The final Element, under 4(d), requires that the Government must prove a defendant was conspiring to omit any of the above acts. In other words, defendant must be in agreement with others to commit a certain act. The defendant is still responsible for conspiracy even if he or she did not commit the substantive acts that could constitute the violation itself. Also, conspiracy to violate RICO is not the same as a conspiracy to commit predicate acts. There must be an agreement to employ a pattern of racketeering activity, or the proceeds thereof, so as to effect an enterprise in one of the three ways set forth in one of those sections under 18 U.S.C. 1962(a), (b), or (c). In the Ninth Circuit, the court has also concluded that a parent corporation can conspire with its wholly own subsidiaries to violate 18 U.S.C. 1962(d).

Possible Punishment for Federal Racketeering (RICO) Racketeering/Illegally Conducting an Enterprise

In 1987, the United States Sentencing Commission presented its Sentencing Guidelines. One of the goals of the Sentencing Commission was to bring about tougher sentencing for “White Collar crimes”. Even the most minor White Collar felonies would draw incarceration under the guidelines. Until 2005, these guidelines were mandatory, then the U.S. Supreme Court’s decision in U.S. v. Booker changed the rules and held that the sentencing guidelines are now advisory in nature (in other words, the judge has much more discretion).

The sentencing guidelines assign a numerical offense level (ranging from number one to number forty three) for every Federal offense. Level one is the lowest, and level forty three is the highest (i.e., a level forty three results in life imprisonment).

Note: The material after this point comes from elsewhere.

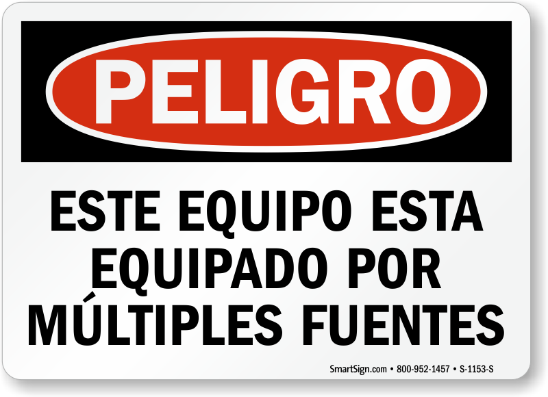 Safety information in Spanish for Hispanic workers will leave no chance of miscommunication. This Spanish OSHA Danger sign informs that the equipment is powered by multiple sources.
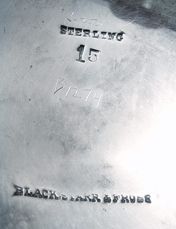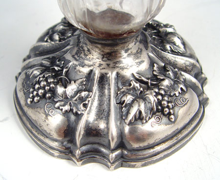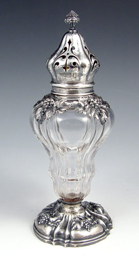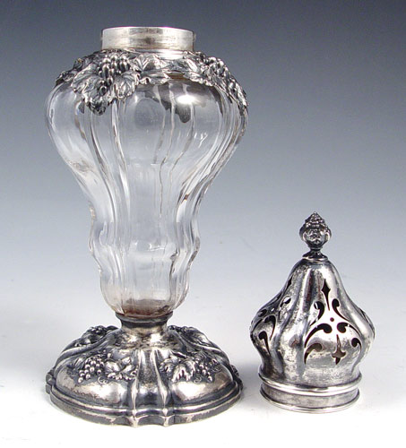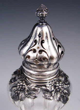 BLACK STARR & FROST STERLING & GLASS MUFFINEER: Grape leaf design muffineer marked Black, Starr & Frost Sterling 15 on base. Measures 8 1/4'' high x 3 1/4'' wide. Will need cleaning, note lean.

RICO offenses are automatically given a base offense level of nineteen or the level applicable to the predicate act, whichever is greater. A defendant with no prior significant record who was assigned the minimum level (nineteen) would receive a sentence of thirty (30) to thirty seven (37) months in prison. This is the minimum. However, the guidelines also provide for a number of adjustments that can either increase or decrease an offense level. This means that a judge can tailor a particular sentence to a defendant based on the factors set forth in 18 U.S.C. §3553(a).

Not only will a skilled RICO defense attorney attack the length of the sentence, but also the place of incarceration. Although the judge cannot dictate where a sentence will be served, he can recommend to the Bureau of Prisons where the sentence should be carried out. They normally will attempt to follow the judge’s recommendation. Where a Defendant is incarcerated is obviously important due to access to family, medical treatment, and overall quality of life.